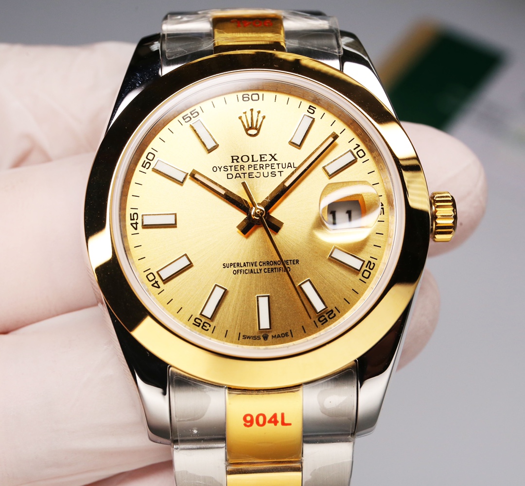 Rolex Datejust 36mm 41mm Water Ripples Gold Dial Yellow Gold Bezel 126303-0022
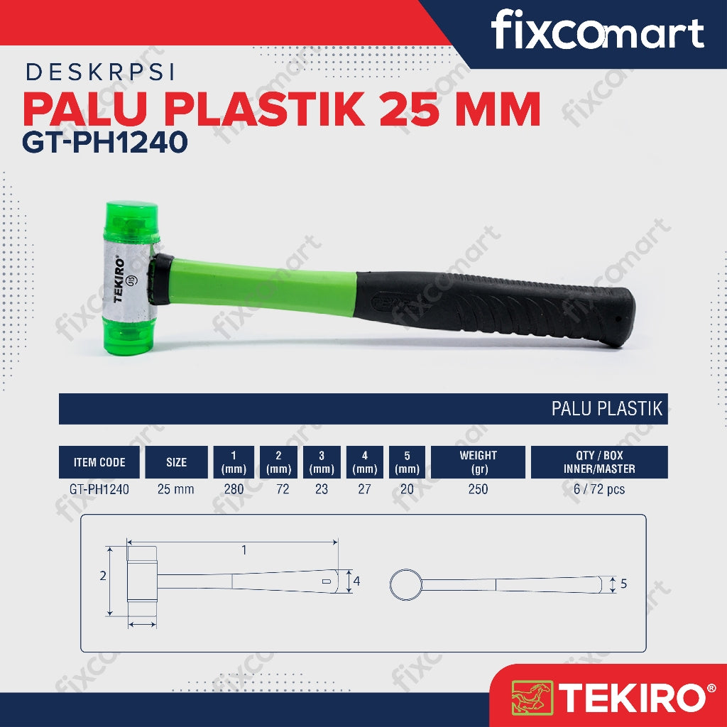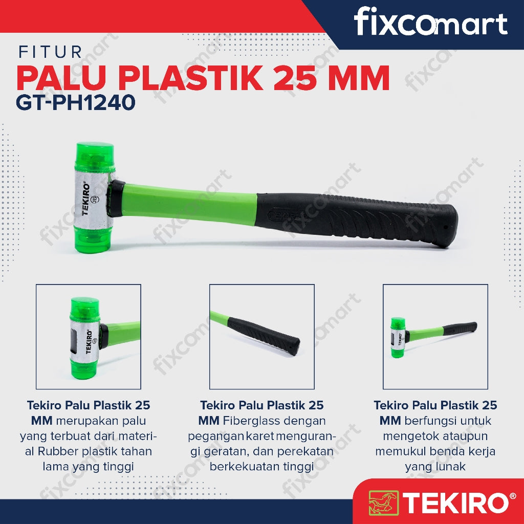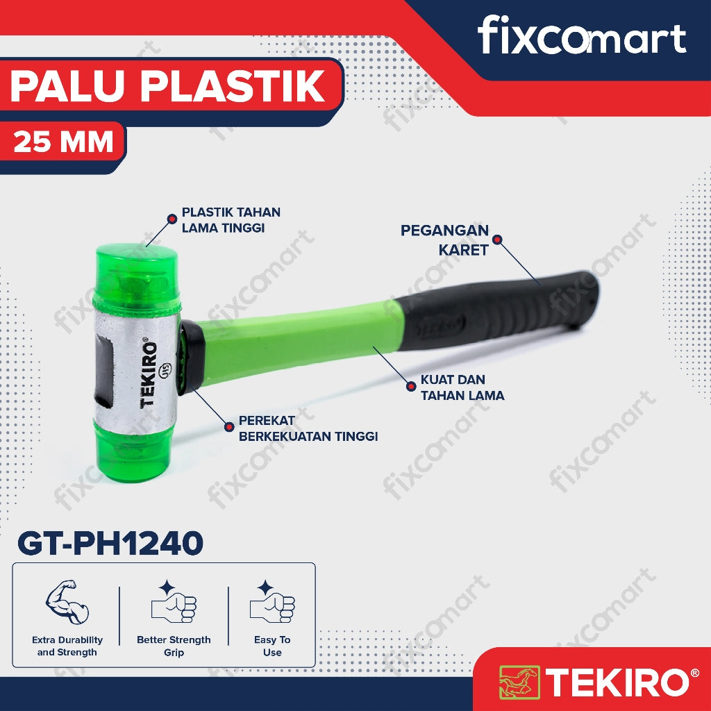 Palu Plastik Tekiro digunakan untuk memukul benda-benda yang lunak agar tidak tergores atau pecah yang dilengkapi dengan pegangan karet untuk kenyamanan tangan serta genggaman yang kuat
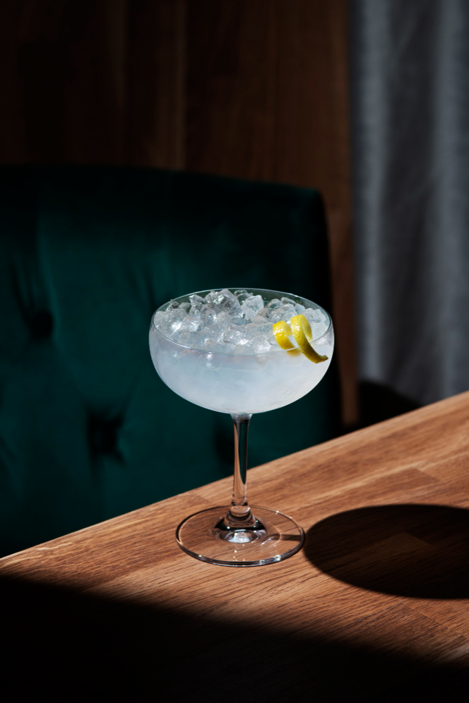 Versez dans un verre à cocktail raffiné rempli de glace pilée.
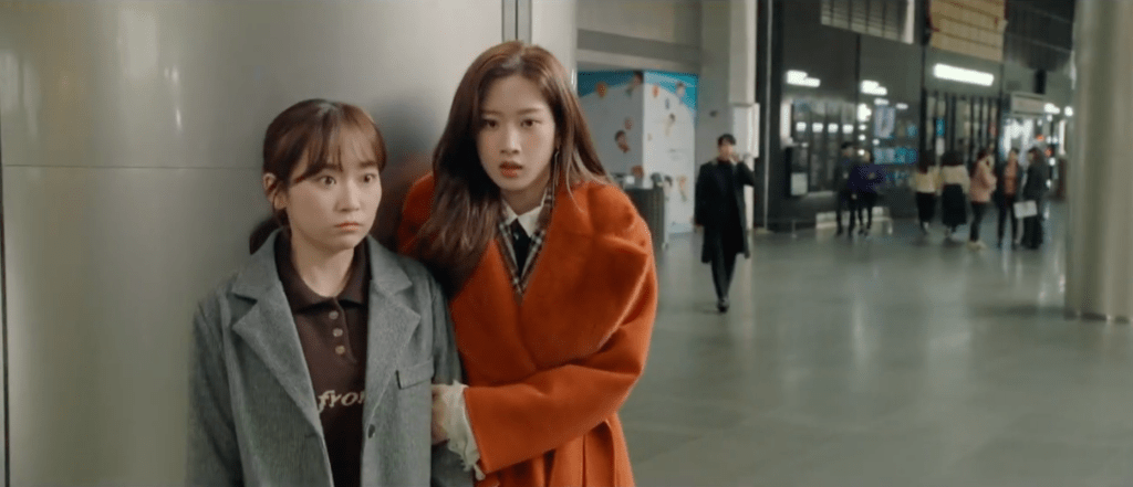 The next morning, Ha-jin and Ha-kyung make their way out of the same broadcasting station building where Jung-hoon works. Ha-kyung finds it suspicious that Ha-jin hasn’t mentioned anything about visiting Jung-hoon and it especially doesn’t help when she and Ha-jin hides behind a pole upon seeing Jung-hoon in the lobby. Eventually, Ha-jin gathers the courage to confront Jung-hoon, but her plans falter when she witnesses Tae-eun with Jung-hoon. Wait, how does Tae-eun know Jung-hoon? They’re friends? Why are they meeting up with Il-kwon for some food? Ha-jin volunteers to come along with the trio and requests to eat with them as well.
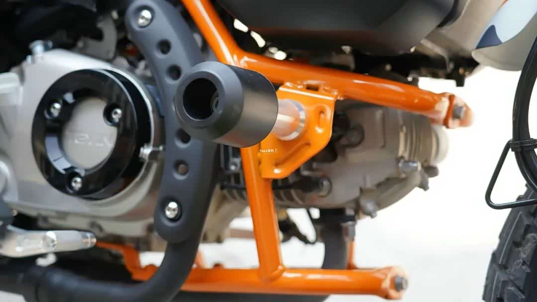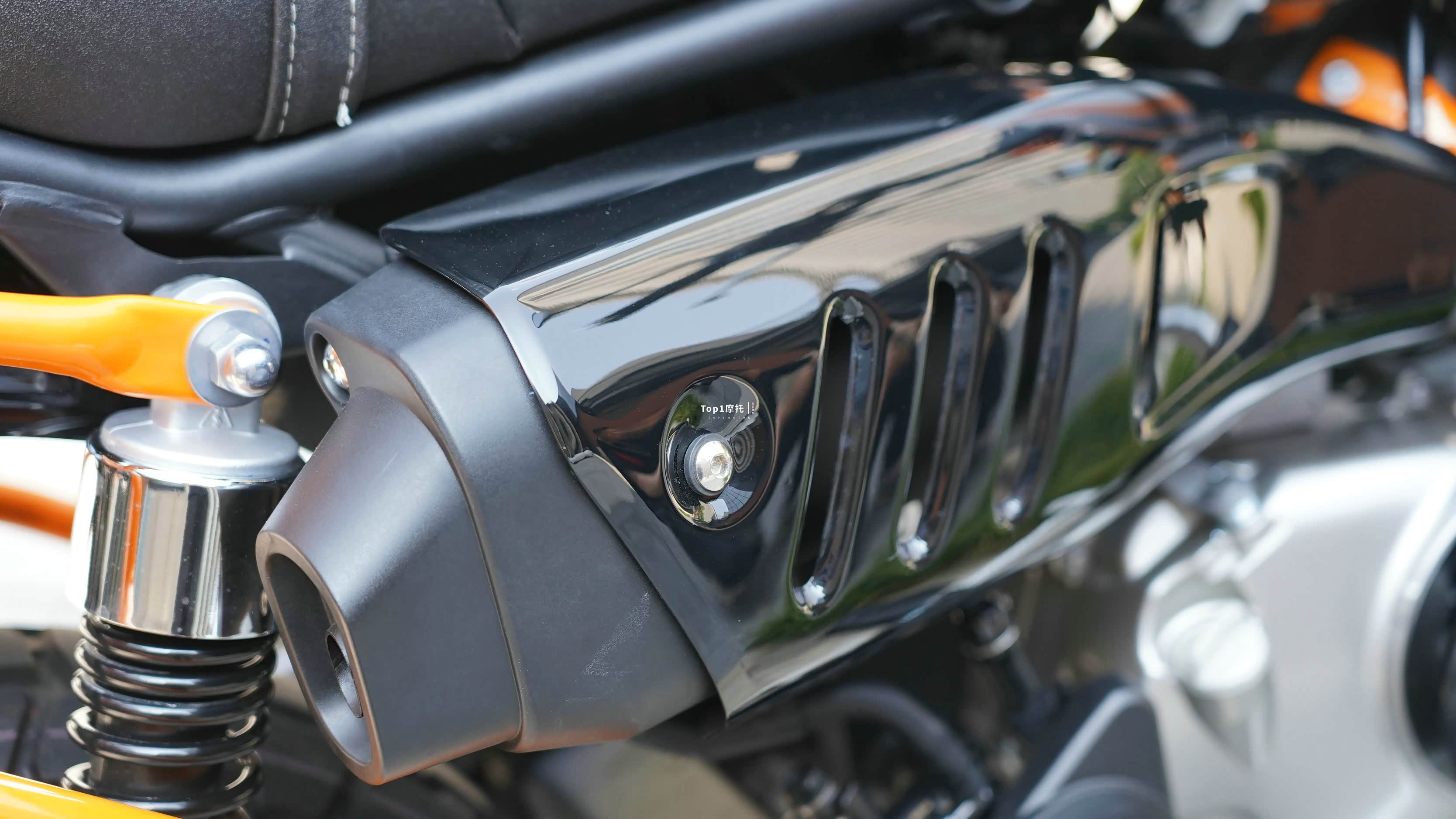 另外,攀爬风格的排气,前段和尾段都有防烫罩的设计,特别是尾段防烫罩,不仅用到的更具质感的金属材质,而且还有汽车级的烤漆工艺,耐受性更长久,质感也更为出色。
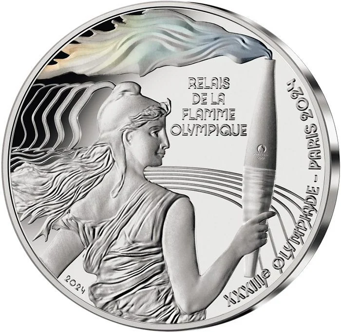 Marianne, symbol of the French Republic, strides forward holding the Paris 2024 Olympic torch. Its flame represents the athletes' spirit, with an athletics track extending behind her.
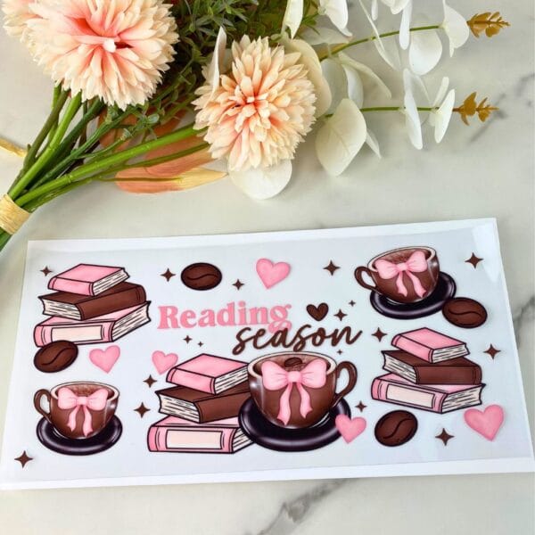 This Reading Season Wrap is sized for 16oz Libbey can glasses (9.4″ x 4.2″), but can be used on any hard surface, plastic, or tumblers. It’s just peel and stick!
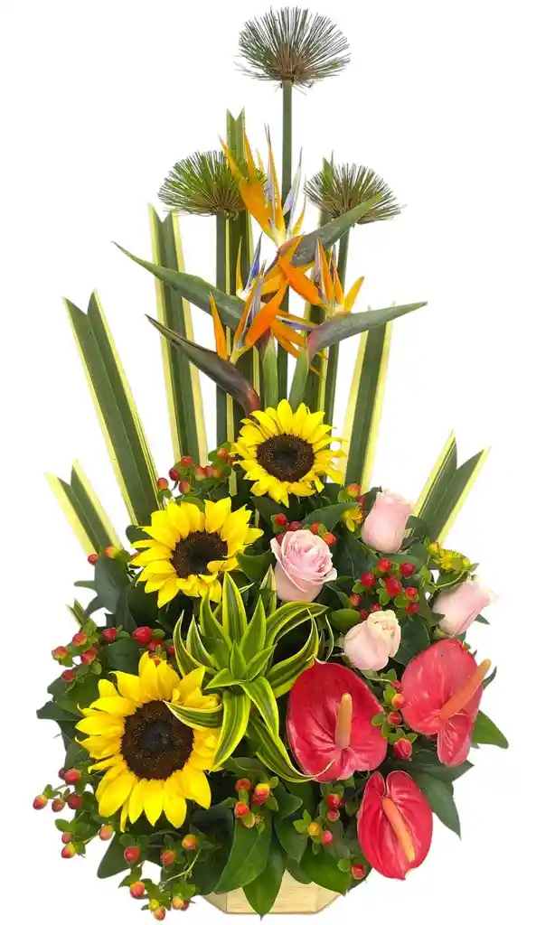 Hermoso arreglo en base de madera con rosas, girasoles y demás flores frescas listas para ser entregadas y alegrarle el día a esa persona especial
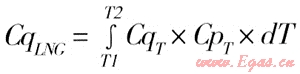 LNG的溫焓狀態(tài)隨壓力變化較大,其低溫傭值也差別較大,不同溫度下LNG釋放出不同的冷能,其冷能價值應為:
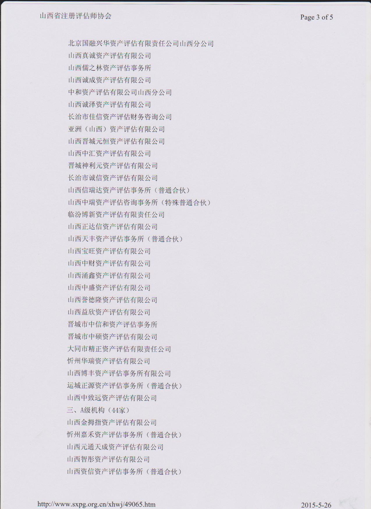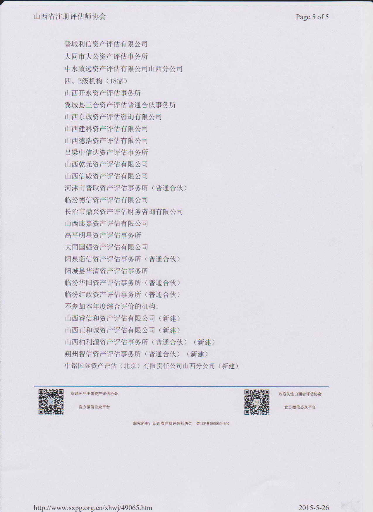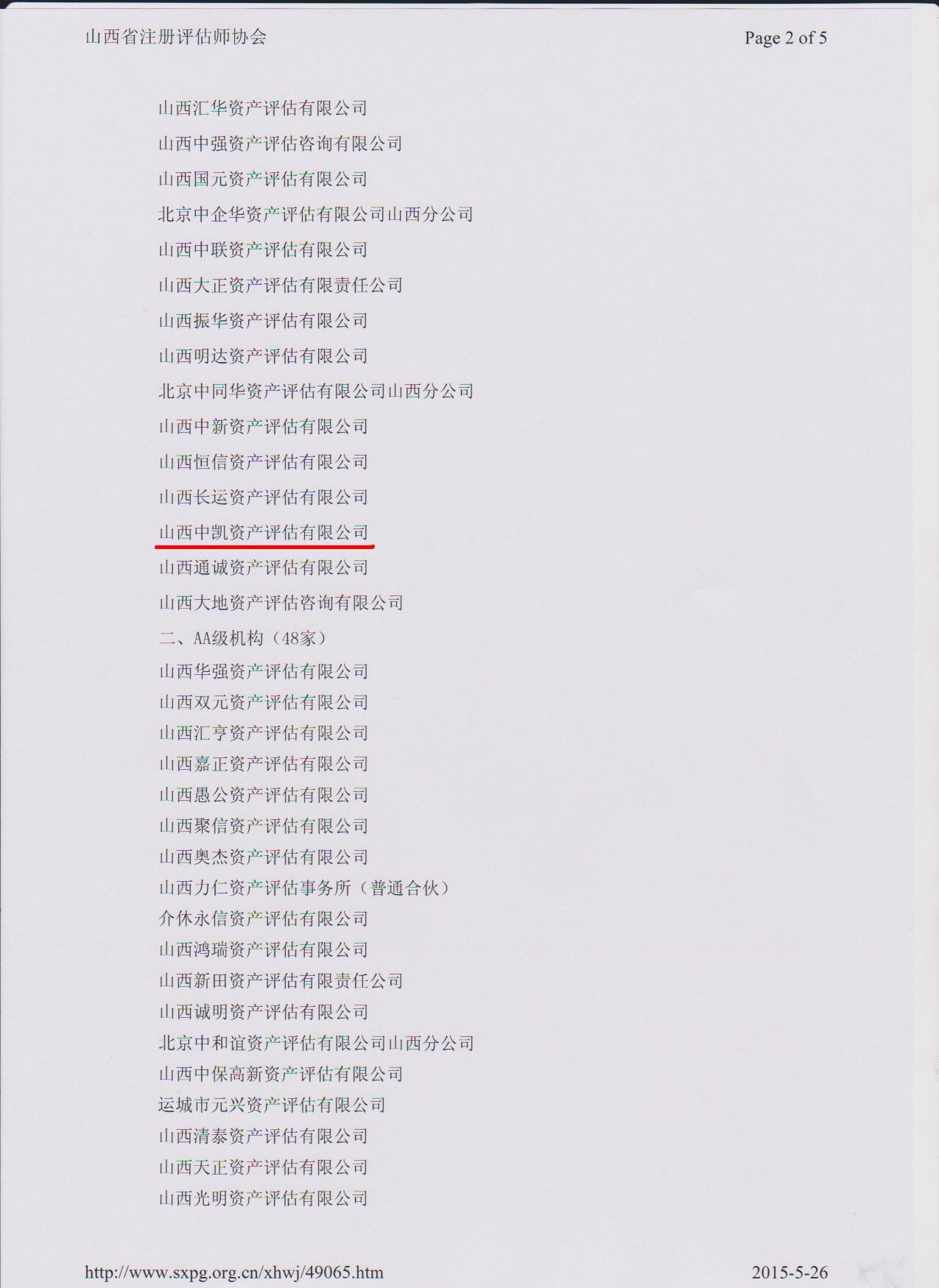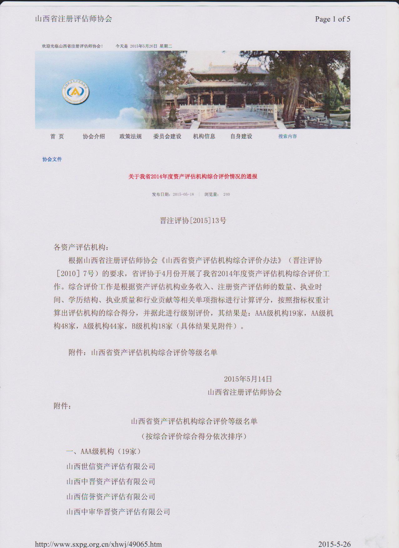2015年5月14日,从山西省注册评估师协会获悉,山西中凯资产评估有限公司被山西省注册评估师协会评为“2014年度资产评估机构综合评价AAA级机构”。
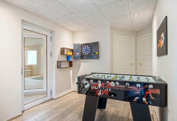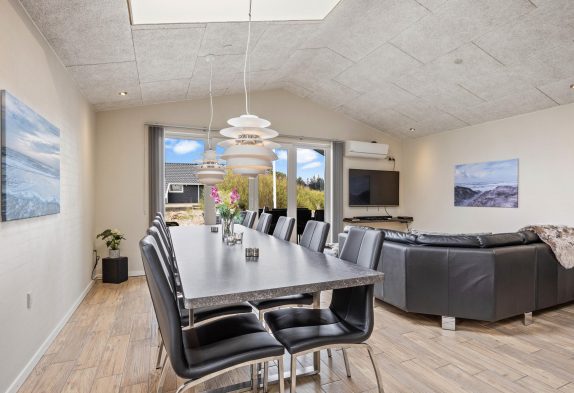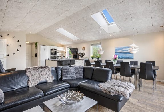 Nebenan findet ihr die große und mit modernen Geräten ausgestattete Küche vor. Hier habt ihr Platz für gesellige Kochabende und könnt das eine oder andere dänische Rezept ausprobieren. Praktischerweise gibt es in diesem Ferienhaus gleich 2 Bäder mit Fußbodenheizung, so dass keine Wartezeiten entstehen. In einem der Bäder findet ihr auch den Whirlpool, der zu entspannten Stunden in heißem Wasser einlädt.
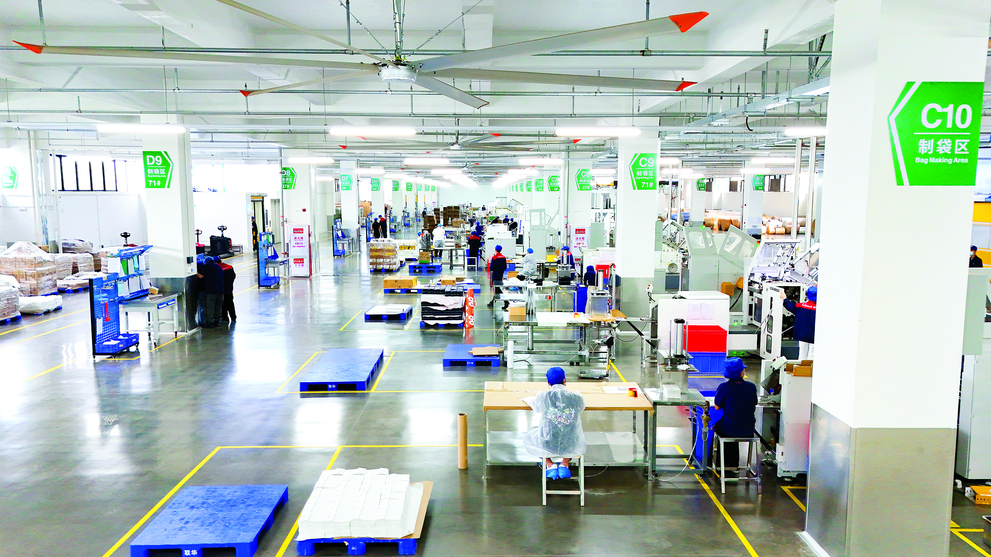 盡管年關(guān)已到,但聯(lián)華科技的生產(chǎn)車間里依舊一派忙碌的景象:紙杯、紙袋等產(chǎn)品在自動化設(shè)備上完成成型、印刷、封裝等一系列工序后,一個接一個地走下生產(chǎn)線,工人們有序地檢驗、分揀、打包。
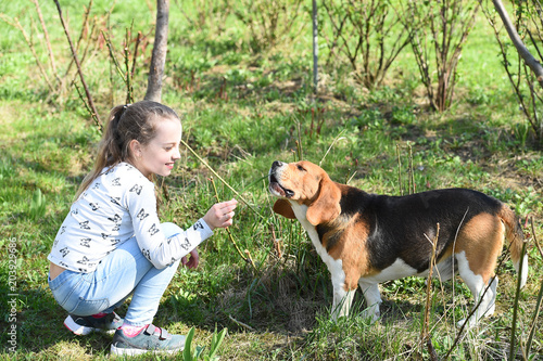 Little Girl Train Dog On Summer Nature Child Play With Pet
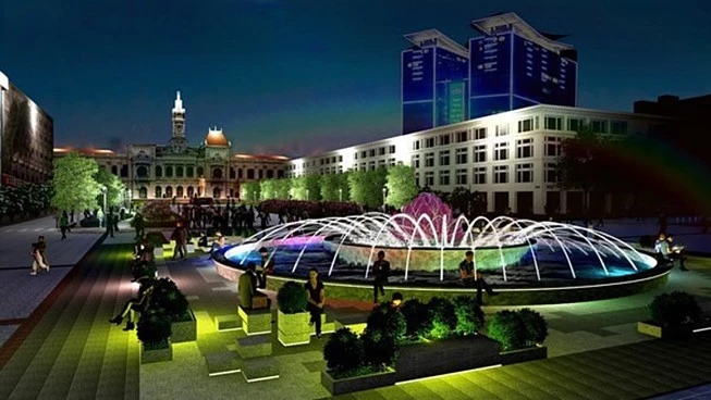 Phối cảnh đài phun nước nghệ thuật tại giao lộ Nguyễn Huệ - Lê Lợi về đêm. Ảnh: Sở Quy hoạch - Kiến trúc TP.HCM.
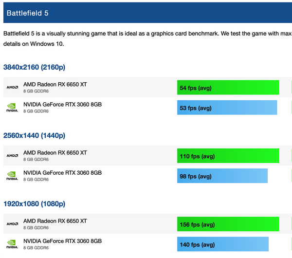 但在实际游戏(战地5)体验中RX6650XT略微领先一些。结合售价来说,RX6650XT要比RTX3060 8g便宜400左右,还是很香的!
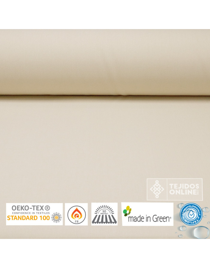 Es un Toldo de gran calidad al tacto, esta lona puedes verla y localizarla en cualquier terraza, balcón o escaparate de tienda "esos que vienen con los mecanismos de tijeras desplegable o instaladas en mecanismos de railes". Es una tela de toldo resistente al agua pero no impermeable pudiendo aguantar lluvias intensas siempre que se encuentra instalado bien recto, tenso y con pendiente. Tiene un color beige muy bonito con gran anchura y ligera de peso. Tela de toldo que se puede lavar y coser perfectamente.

Task brief. Copy word for word the lines of the records above from the one with "盡管年關(guān)已到,但" up to and including the one with "Phối cảnh đài". Skip the pictures.

Response to the task.
 盡管年關(guān)已到,但聯(lián)華科技的生產(chǎn)車間里依舊一派忙碌的景象:紙杯、紙袋等產(chǎn)品在自動化設(shè)備上完成成型、印刷、封裝等一系列工序后,一個接一個地走下生產(chǎn)線,工人們有序地檢驗、分揀、打包。
 Little Girl Train Dog On Summer Nature Child Play With Pet
 Phối cảnh đài phun nước nghệ thuật tại giao lộ Nguyễn Huệ - Lê Lợi về đêm. Ảnh: Sở Quy hoạch - Kiến trúc TP.HCM.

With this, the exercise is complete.